Given records section start

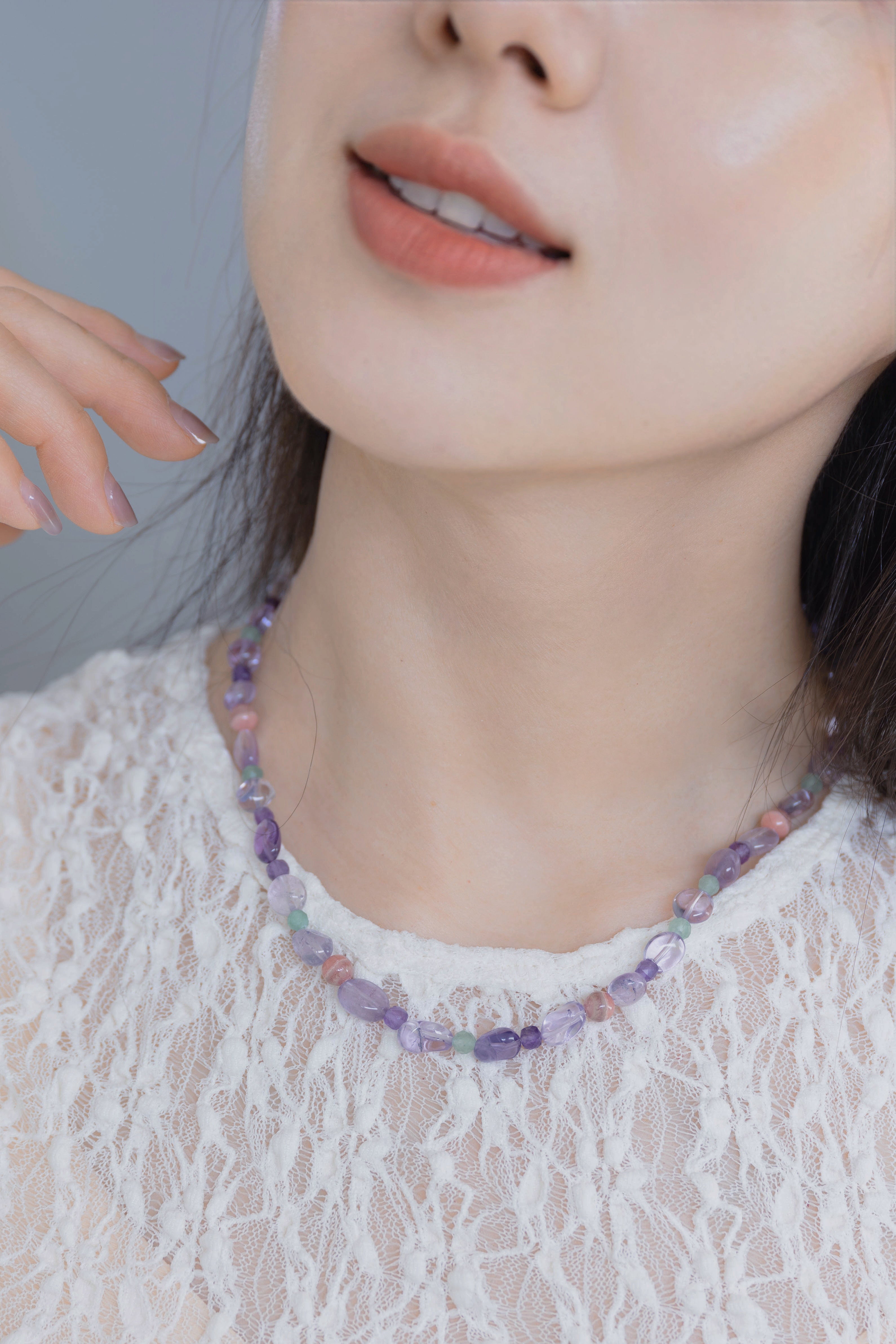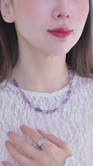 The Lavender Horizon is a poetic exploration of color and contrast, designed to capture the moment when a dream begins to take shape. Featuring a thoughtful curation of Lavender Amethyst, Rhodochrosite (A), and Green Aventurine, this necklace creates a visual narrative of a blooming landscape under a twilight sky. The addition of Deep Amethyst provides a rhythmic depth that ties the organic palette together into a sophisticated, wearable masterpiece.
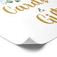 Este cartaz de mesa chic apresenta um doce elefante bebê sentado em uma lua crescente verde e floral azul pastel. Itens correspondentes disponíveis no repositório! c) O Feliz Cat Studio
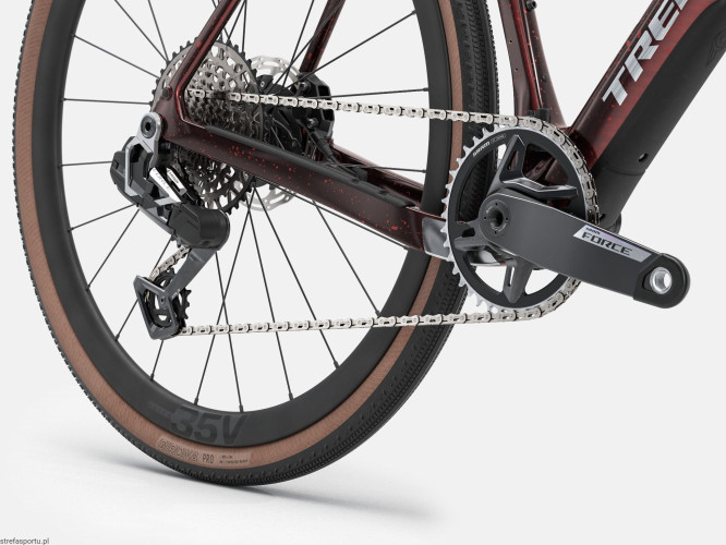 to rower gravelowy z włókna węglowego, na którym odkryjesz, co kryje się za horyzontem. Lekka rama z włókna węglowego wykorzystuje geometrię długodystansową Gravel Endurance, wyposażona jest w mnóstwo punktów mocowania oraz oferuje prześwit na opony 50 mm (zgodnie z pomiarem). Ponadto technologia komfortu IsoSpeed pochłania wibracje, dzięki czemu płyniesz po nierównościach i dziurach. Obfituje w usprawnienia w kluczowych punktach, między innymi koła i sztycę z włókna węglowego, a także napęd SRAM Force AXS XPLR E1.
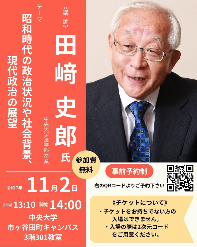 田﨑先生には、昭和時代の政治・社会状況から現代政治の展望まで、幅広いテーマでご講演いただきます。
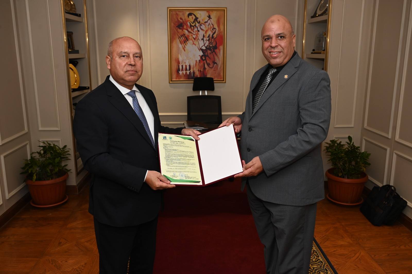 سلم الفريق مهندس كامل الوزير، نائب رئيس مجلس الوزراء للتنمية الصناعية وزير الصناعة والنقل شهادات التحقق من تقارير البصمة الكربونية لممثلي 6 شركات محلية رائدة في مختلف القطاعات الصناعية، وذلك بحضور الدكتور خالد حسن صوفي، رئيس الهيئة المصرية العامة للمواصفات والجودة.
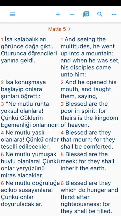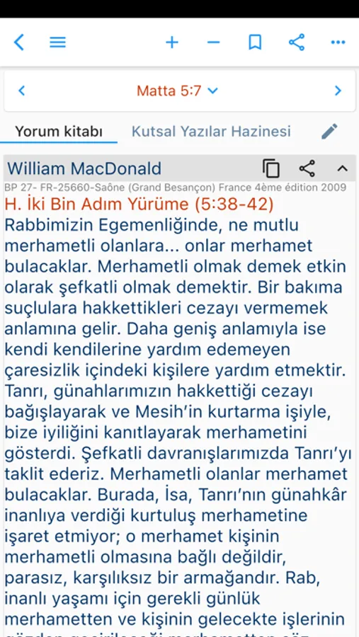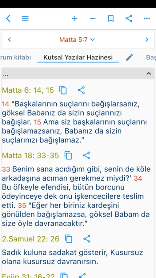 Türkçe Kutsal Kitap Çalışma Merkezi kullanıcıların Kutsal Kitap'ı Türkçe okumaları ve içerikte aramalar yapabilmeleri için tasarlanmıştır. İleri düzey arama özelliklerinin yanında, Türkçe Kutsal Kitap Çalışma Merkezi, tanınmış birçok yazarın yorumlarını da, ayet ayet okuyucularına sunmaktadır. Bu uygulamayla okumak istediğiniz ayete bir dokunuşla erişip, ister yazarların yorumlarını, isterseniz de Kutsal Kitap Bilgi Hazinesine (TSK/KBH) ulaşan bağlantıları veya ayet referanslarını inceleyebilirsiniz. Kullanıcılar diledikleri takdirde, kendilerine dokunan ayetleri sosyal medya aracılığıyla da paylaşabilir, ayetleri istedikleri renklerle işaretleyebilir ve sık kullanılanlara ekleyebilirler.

Given records section end
Given records section start

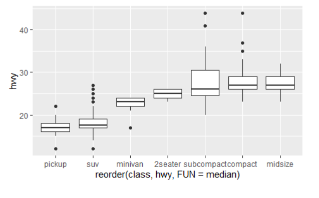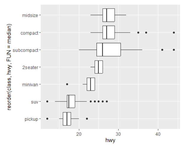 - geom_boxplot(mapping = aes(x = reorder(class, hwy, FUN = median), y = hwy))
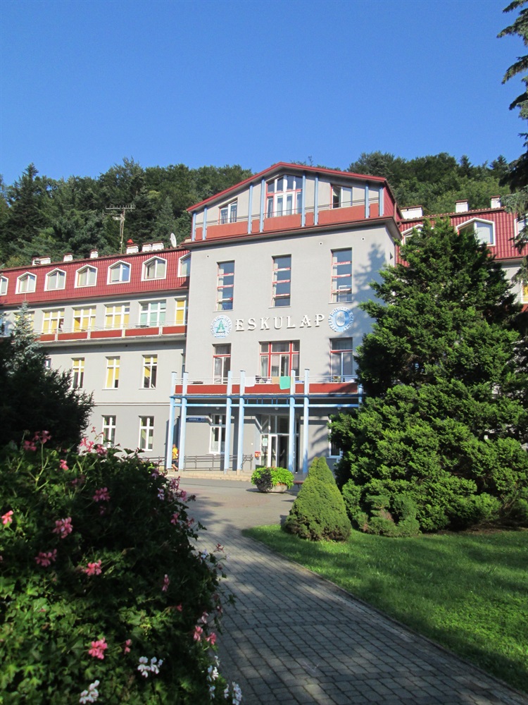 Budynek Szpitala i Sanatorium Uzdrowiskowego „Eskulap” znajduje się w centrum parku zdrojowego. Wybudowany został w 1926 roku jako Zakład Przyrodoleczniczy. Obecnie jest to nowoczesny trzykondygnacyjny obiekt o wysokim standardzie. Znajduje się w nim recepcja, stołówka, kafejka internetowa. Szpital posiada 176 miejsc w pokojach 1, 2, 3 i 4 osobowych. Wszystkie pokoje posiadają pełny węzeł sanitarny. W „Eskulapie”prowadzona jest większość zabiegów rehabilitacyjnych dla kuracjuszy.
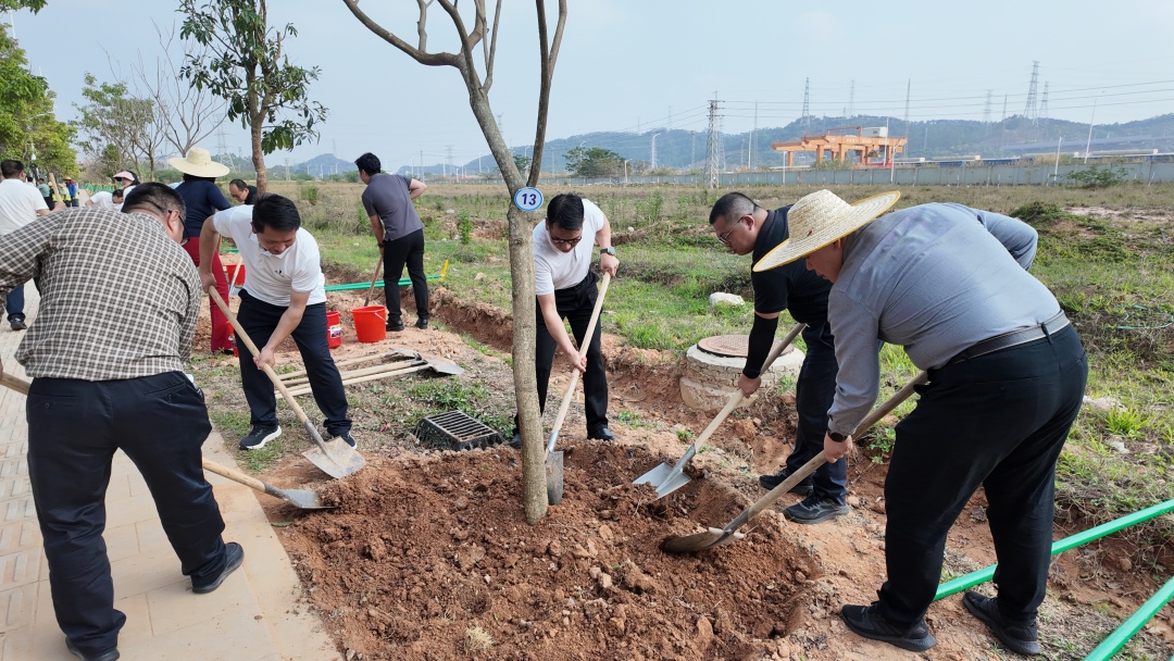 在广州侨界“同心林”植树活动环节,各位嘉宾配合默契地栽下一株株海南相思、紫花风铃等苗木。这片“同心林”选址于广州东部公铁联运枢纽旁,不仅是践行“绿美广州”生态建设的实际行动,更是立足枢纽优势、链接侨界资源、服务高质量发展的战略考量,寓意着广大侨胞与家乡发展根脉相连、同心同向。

Given records section end
Given records section start

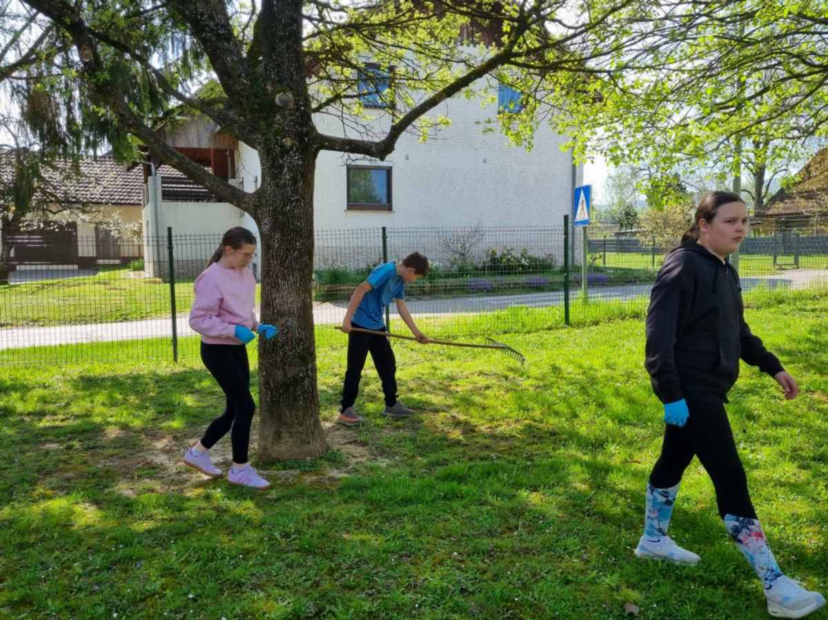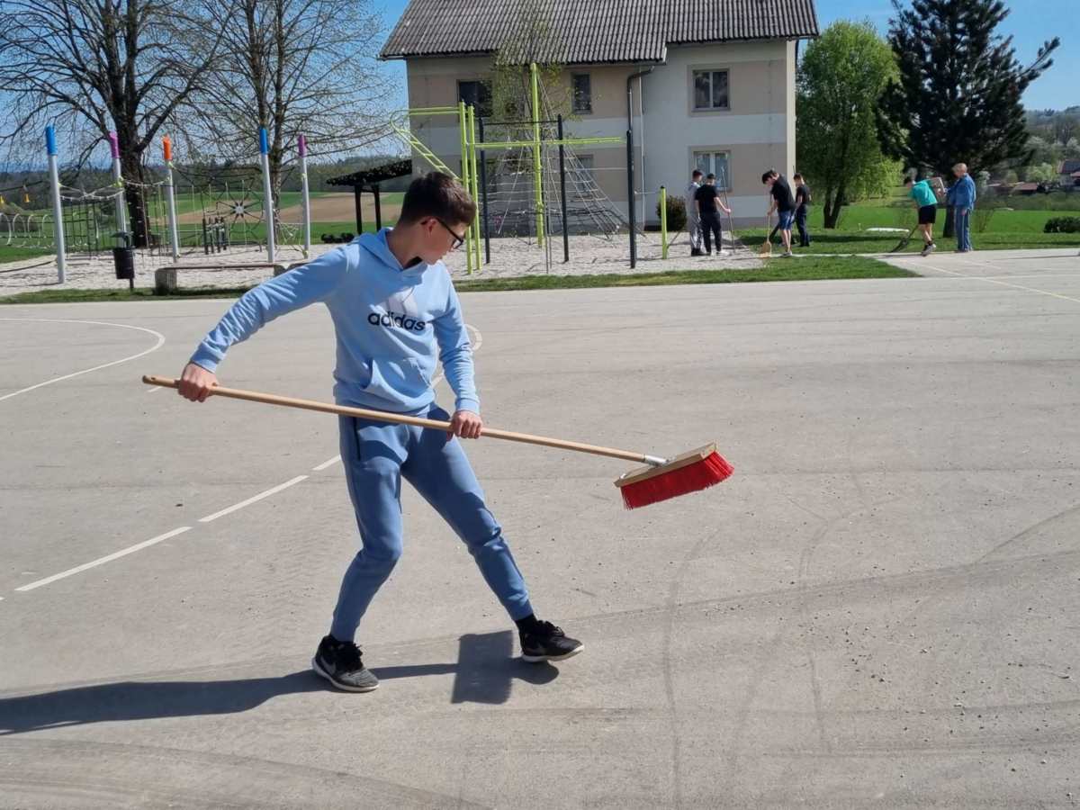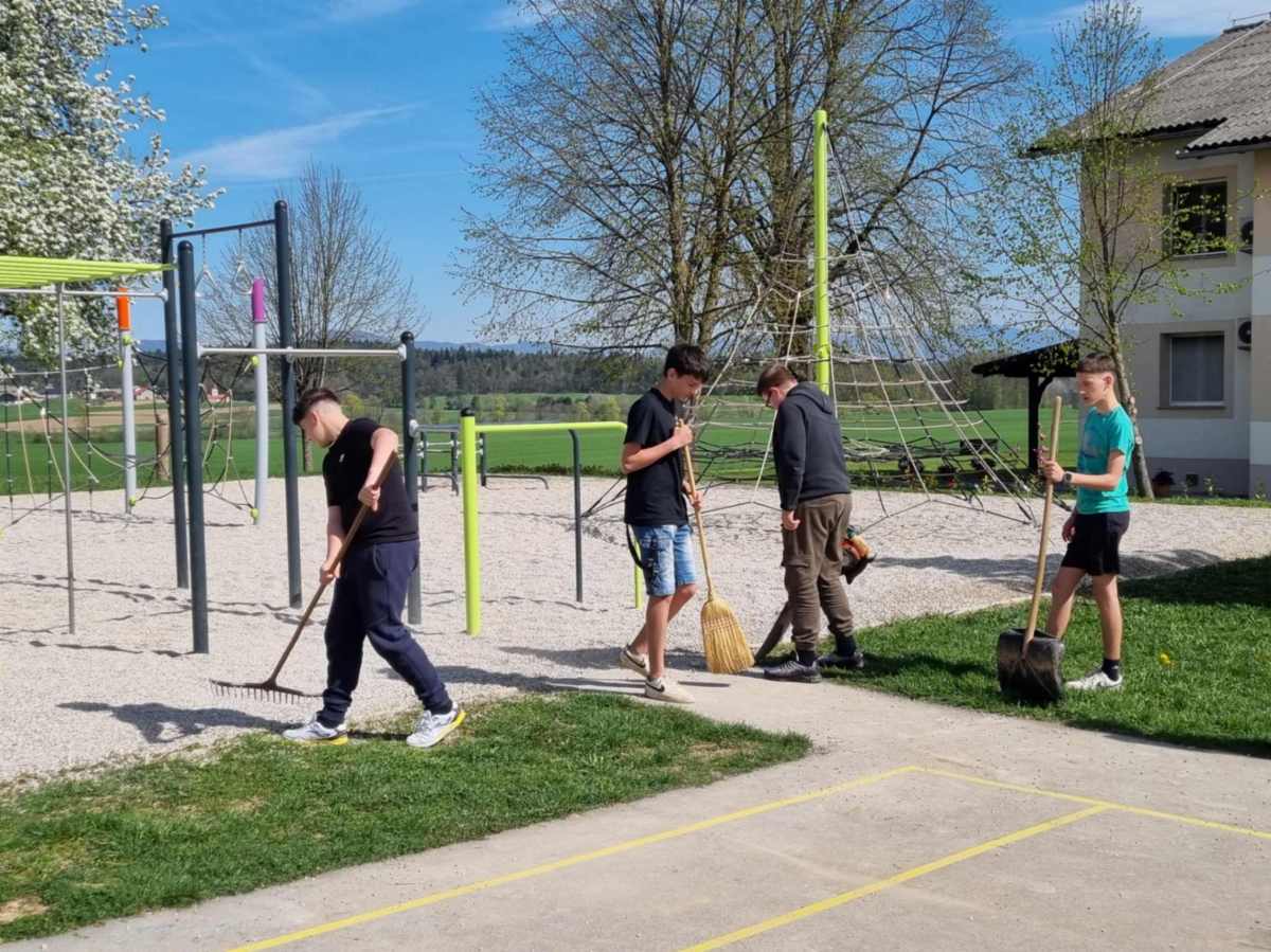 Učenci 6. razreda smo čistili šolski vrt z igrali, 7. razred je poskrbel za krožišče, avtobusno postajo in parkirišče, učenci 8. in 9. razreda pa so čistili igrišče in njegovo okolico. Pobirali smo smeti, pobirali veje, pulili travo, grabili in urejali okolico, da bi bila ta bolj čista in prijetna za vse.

Given records section end

Take the lines above starting at the one containing "The Lavender Horizon" and ending at the one containing "Este cartaz de", and print them again exactly, without pictures.

Response below:
 The Lavender Horizon is a poetic exploration of color and contrast, designed to capture the moment when a dream begins to take shape. Featuring a thoughtful curation of Lavender Amethyst, Rhodochrosite (A), and Green Aventurine, this necklace creates a visual narrative of a blooming landscape under a twilight sky. The addition of Deep Amethyst provides a rhythmic depth that ties the organic palette together into a sophisticated, wearable masterpiece.
 Este cartaz de mesa chic apresenta um doce elefante bebê sentado em uma lua crescente verde e floral azul pastel. Itens correspondentes disponíveis no repositório! c) O Feliz Cat Studio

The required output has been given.